Fides et Ratio was an encyclical by Saint Pope John Paul II in 1998. Translated, the title means “Faith and Reason”. In it, then Pope, now Saint John Paul II explains that faith without reason leads to superstition and reason without faith leads to nihilism and relativism. Smallfoot, surprisingly, tackles the former of these heady, complex philosophical musings.

While I do not normally like to lead with a lot of spoilers, when analysing for a movie whose demographic is young children, as a parent, I would want full disclosure before bringing MY smallfoot, so I offer the same to you readers.

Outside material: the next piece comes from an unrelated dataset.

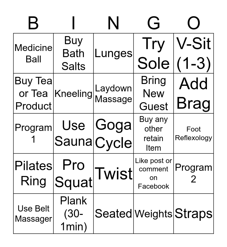This bingo card has a free space and 26 words: Twist, Weights, Laydown Massage, Plank (30-1min), V-Sit (1-3), Medicine Ball, Buy Tea or Tea Product, Buy Bath Salts, Foot Reflexology, Like post or comment on Facebook, Bring New Guest, Program 1, Program 2, Use Belt Massager, Use Sauna, Use Portable Sauna, Try Sole, Pilates Ring, Lunges, Straps, Add Brag, Seated, Buy any other retain Item, Pro Squat, Kneeling and Sitting toe Hold.

SPOILERS! SPOILERS! SPOILERS!

This children’s tale begins with a colony of yetis who live high up on a mountain, cut off visually from the rest of the world by a constant ring of clouds. Our protagonist is a good natured, happy-go-lucky yeti named Migo (Channing Tatum) whose personality almost exactly parallels that of Chris Pratt’s eternally optimistic Emmett from The Lego Movie. You almost expect him to burst out with “Everything is Awesome” as he strolls through the yeti village. This is not meant as a criticism. It’s actually quite cute as he observes the seemingly pointless Rube Goldberg occupations to which everyone is assigned, but which are explained later.

The songs are, BTW, quite catchy and one in particular, sung by the female protagonist and Migo’s love interest, Meechee (Zendaya from The Greatest Showman), “Wonderful Life”, features some thoughtful lyrics:

Take a look around
And see the world we think we know
Then look closer
There’s more to life than meets the eye
A beauty to behold
It’s all much bigger than we know.

She sings this as she shows things to Migo he never noticed, like a small butterfly crystalized in a frozen stalactite, and the details in a snowflake. Beautiful imagery for a lovely idea: that the more we see, the more we realize the grandeur in Creation.

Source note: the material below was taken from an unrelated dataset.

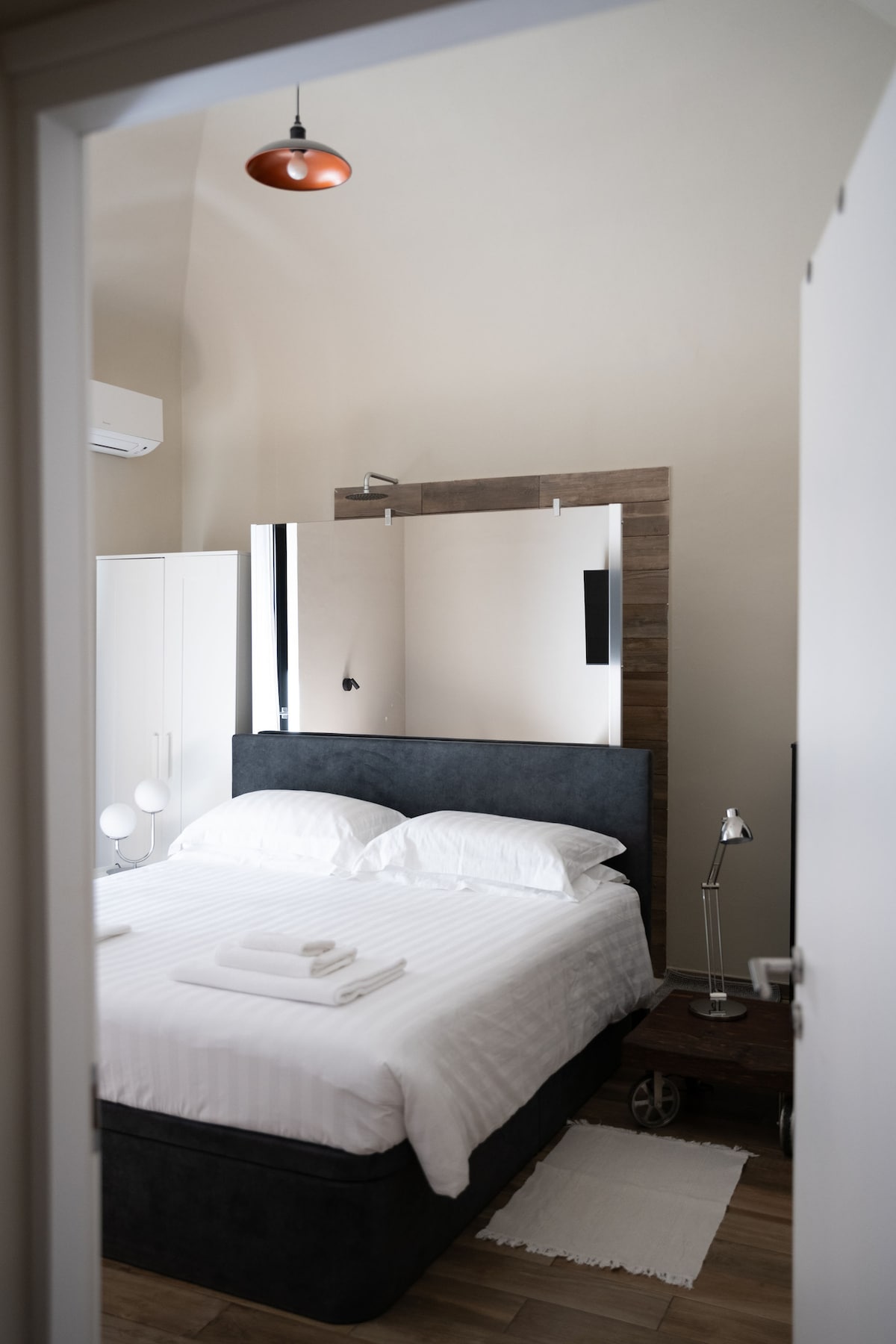 Olivo Homeの構造は、バーリ郊外の新築アパートに、この素晴らしい街に滞在したい方のための環境に優しく快適なスイートを再現するというアイデアから生まれました。このスイートは、デザインと旅行が大好きなカップル、リアとアレッサンドロの願いから生まれました。アパート全体に床暖房・冷房システムが備わっており、ホームオートメーションとWi-Fiを完備しています。また、セルフチェックインが可能です。リラックスしておくつろぎください!

Their belief system, literally written in stone, is a seemingly random collection of unquestioned statements, including the command that if you feel the urge to question one of the stones you should “push it down” and not think about it. The stones describe strange and mythical beasts which must be fed or cooled or tended to in odd ways. One stone commands an absolute dismissal of the possibility that there could be anything below the cloudline. The stones are worn like scale armour by the tribal leader, Stonekeeper, (Lonnie Rashid Lynn aka the rapper Common). Migo, the son of Gorgle, the Gong Ringer (Danny DeVito) is one of the biggest stone-trusting advocates in the village, until one day Migo, by chance, observes a plane crash and the ejection of a smallfoot from this flying metal object. Problem is: the existence of smallfoot is absolutely denied by one of the earliest stones. No one will believe Migo as the evidence is quickly blown off the mountain.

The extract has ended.